* [Qemu-devel] xhci migration breakage
@ 2017-03-30 12:23 Dr. David Alan Gilbert
2017-03-30 14:10 ` Gerd Hoffmann
0 siblings, 1 reply; 5+ messages in thread
From: Dr. David Alan Gilbert @ 2017-03-30 12:23 UTC (permalink / raw)
To: kraxel; +Cc: qemu-devel
Hi Gerd,
2.9 seems to have an xhci migration breakage, I've bisected it
down to:
commit ddb603ab6c981c1d67cb42266fc700c33e5b2d8f
Author: Gerd Hoffmann <kraxel@redhat.com>
Date: Mon Jan 30 16:36:46 2017 +0100
xhci: don't kick in xhci_submit and xhci_fire_ctl_transfer
I guess maybe there's a kick needed pre/post migrate?
(it's https://bugzilla.redhat.com/show_bug.cgi?id=1436616 )
The symptoms on the destination are that the qemu prints:
qemu-kvm: usb-msd: Bad signature 53425300
and the guest sees:
xhci_hcd 0000:00:06.0: WARN Event TRB for slot 1 ep 0 with no TDs queued?

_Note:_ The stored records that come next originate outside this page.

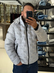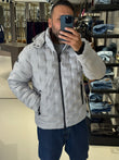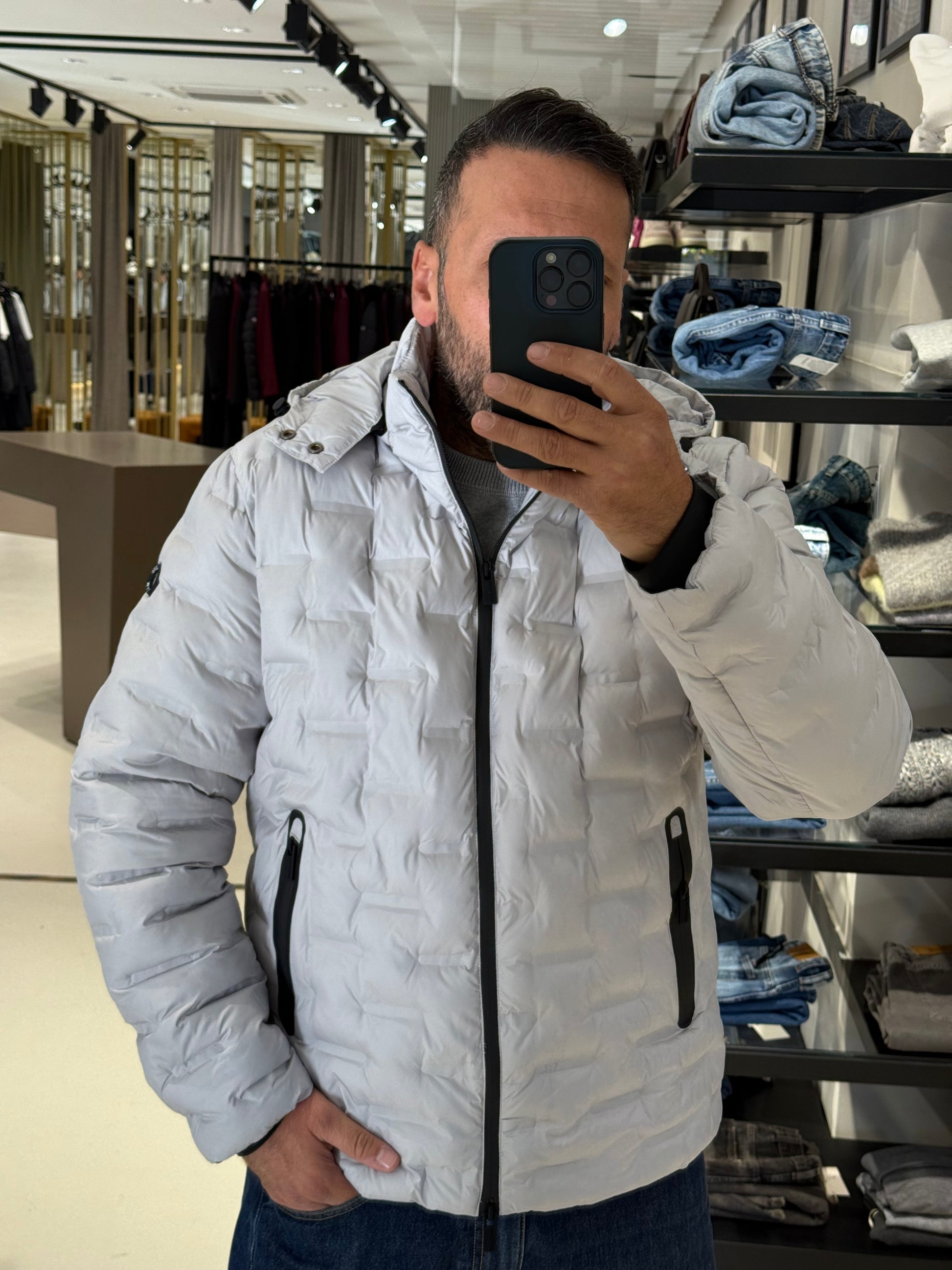 Piumino leggero con trapuntatura a quadri e zip a contrasto. Dotato di cappuccio regolabile, tasche laterali con chiusura a zip termosaldata e polsini elasticizzati per una maggiore protezione dal freddo. Un capo versatile, perfetto per l’uso quotidiano e per un look urbano contemporaneo.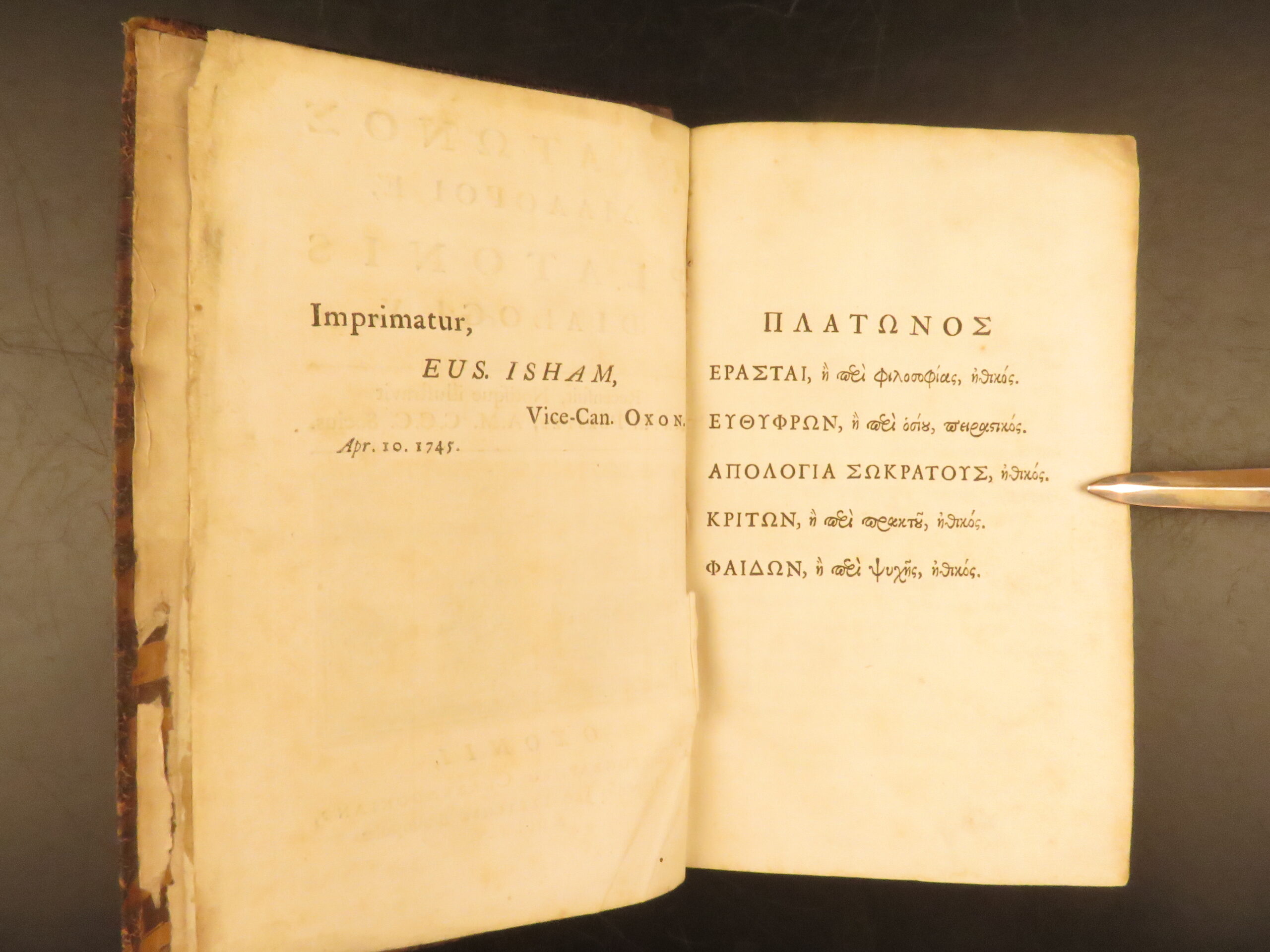1745 – First Oxford edition of Plato’s Dialogues | Platonis Dialogi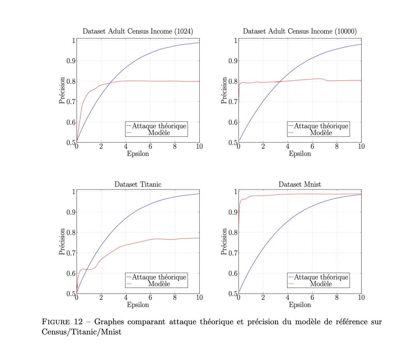 In our work, we tried to attack several datasets. First of all, to get theoretical results, we built a dummy dataset with only two columns containing bits (0 or 1). With this simple dataset, we were able to find precise theoretical results about the attacker’s maximum accuracy, which is defined as the attacker’s capacity to get the right bit of information he is searching. The closer the accuracy is to 1, the better the attack. Then, we used common machine learning datasets like Titanic, MNIST or Census which contain various types of information (personal information about gender, income, race, images…). On these datasets, we developed inference models, mainly Multi Layers Perceptrons and logistic regressions, and the models were trained using the Tensorflow package which implements the DP-SGD algorithm. Note that the models were trained to do usual machine learning jobs, in this case feature inference, and the attack did not prevent them from doing what they were built for. The following graph sums up the results on these datasets.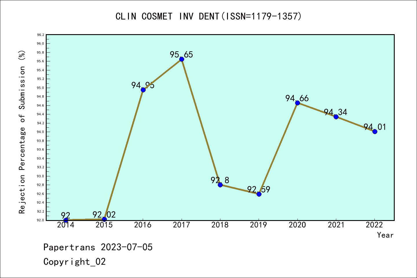 ESCI期刊Clinical Cosmetic and Investigational Dentistry历年拒稿占比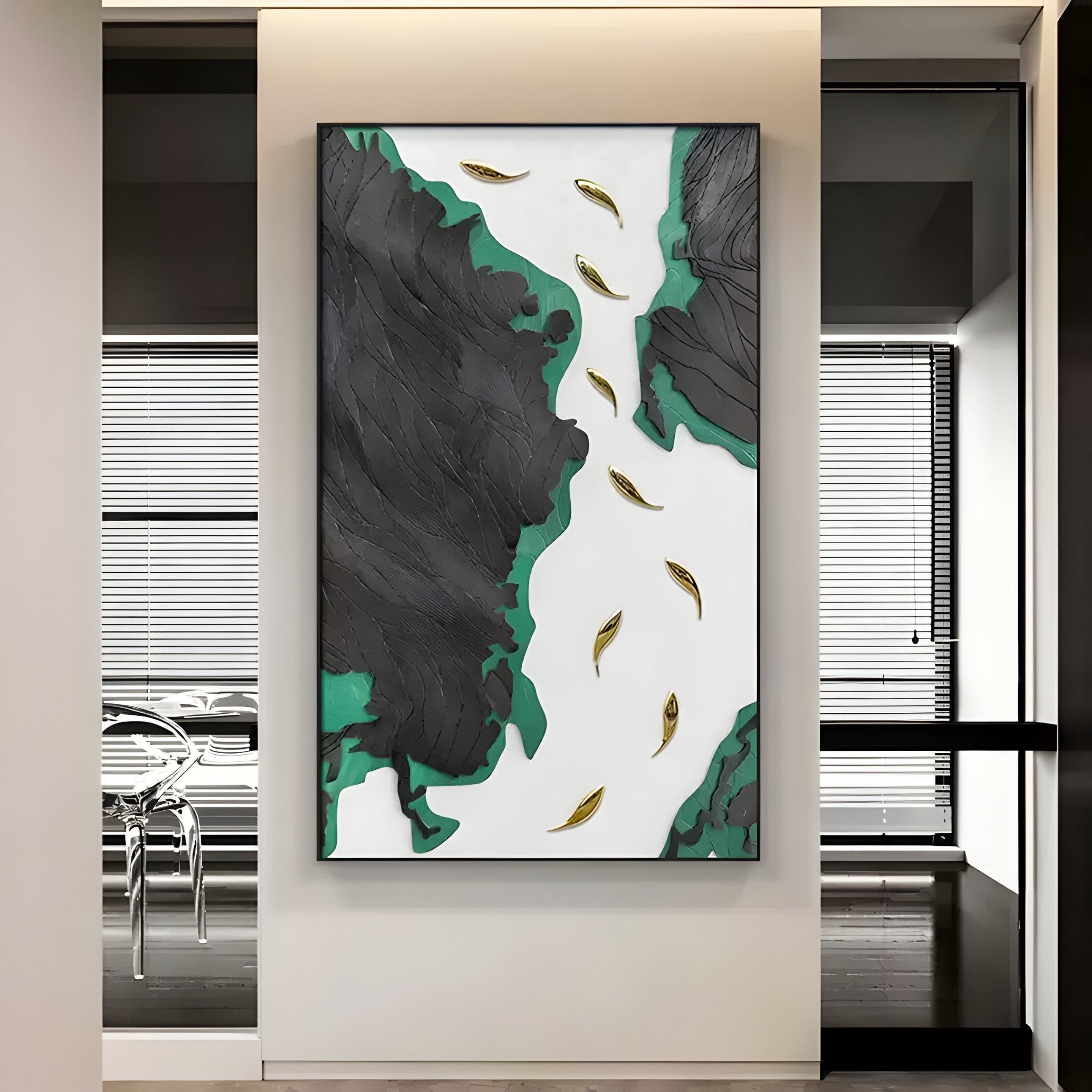 Bringing together a dramatic interplay of black contours, green accents, and a luminous white channel, the Prosper Black & Green Metallic Fish 3D Relief Wall Art showcases nine glimmering gold-tone fish. Each carved from a sandstone-like material, the background features ridged sections that evoke rugged stone or forested terrain, while the serene white passage through the centre suggests a tranquil waterway. Arranged in a vertical flow, the electroplated fish appear to swim upwards, conveying a sense of prosperity and renewed energy. Whether placed in a living room, a lofty villa interior, or a refined entrance hall, the panel’s visually balanced design and uplifting imagery make it a worthy focal point.

xhci_hcd 0000:00:06.0: WARN Event TRB for slot 1 ep 2 with no TDs queued?
xhci_hcd 0000:00:06.0: WARN Event TRB for slot 1 ep 3 with no TDs queued?
and never gets any more IO on the USB disk.
Any ideas?
Dave
--
Dr. David Alan Gilbert / dgilbert@redhat.com / Manchester, UK
^ permalink raw reply [flat|nested] 5+ messages in thread
* Re: [Qemu-devel] xhci migration breakage
2017-03-30 12:23 [Qemu-devel] xhci migration breakage Dr. David Alan Gilbert
@ 2017-03-30 14:10 ` Gerd Hoffmann
2017-03-30 17:42 ` Dr. David Alan Gilbert
0 siblings, 1 reply; 5+ messages in thread
From: Gerd Hoffmann @ 2017-03-30 14:10 UTC (permalink / raw)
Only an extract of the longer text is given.